Data Extraction Pipelines

Data extraction pipelines are used to extract metadata and images from PDF files. These pipelines can be used to extract data from a single PDF file or a directory of PDF files, using the CLI and the visarch command or as a Python package. VisArchPy provides three different extraction pipelines: Layout, OCR, and LayoutOCR.

Layout Pipeline

Extracts metadata and visuals (images) from PDF files using a layout analysis. Layout analysis uses the algorithm in pdfminer.six to recursively check elements in a PDF file and sort them into images, text, etc.

Examples

The following examples show how to extract images and metadata from PDF files using the Layout pipeline.

visarch layout from-file <path-to-pdf-file> <path-output-directory>

"Not available"

visarch layout from-dir <path-pdf-directory> <path-output-directory>

from visarchpy.pipelines import Layout

pipeline = Layout('path-to-data-dir', 'path-to-output-dir',
                 metadata_file='path-to-mods-file',
                 settings=None, # use default settings
                 )

pipeline.run()

Tip

Use visarch layout [SUBCOMMAND] -h to see which options are available in the CLI. Or consult the Python Reference if using Python.

OCR Pipeline

Extracts metadata and visuals (images) from PDF files using OCR analysis. OCR analysis extracts images from PDF files using Tesseract OCR.

Examples

The following examples show how to extract images and metadata from PDF files using the OCR pipeline.

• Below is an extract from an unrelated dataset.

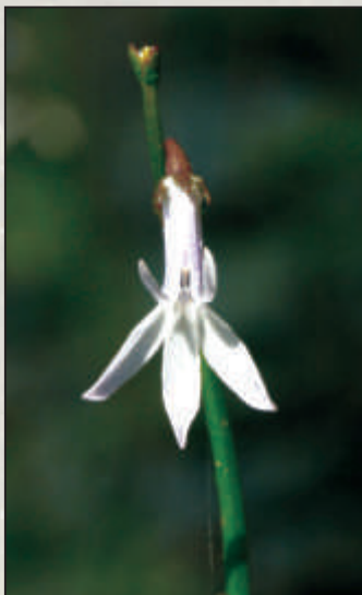
Drobne kwiaty lobelii nasz wieszcz porównał do białych motyli.

Lobelia zachowała się w nielicznych - niewiele zmienionych od czasu swojego powstania - jeziorach, żyjących obok lobelii także inne reliktywne gatunki flory. Jeziora te są przeważnie miękowodne i kwaśne, przez to oligotroficzne (skąpożyźne). Ich woda jest zwykle bardzo czysta, dno piaszczyste, niekiedy usłane kożuchem torfowców. Przeważnie są to zbiorniki małe, śródleśne, otoczone borami sosnowymi, dąbrowami lub buczynami. W Polsce jest ponad 7000 jezior, jednakże lobeliowych jedynie nieco ponad 150. Poza Skandynawią i Szkocją tworzą one u nas jedno z największych skupisk w Europie.

visarch ocr from-file <path-to-pdf-file> <path-output-directory>

"Not available"

visarch ocr from-dir <path-pdf-directory> <path-output-directory>

from visarchpy.pipelines import OCR

pipeline = OCR('path-to-data-dir', 'path-to-output-dir',
              metadata_file='path-to-mods-file',
              settings=None, # use default settings
              )

pipeline.run()

Tip

Use visarch ocr [SUBCOMMAND] -h to see which options are available in the CLI. Or consult the Python Reference if using Python.

LayoutOCR Pipeline

Extracts metadata and visuals (images) from PDF files using a combination of Layout and OCR analysis. This pipeline first uses the layout analysis to extract images from PDF files. Then, it applies OCR analysis pages in the PDF file that did not produce any images using the first analysis. This condition avoids extracting the same images twice; however, it may miss images not detected by any of the analyses.

Examples

The following examples show how to extract images and metadata from PDF files using the LayoutOCR pipeline.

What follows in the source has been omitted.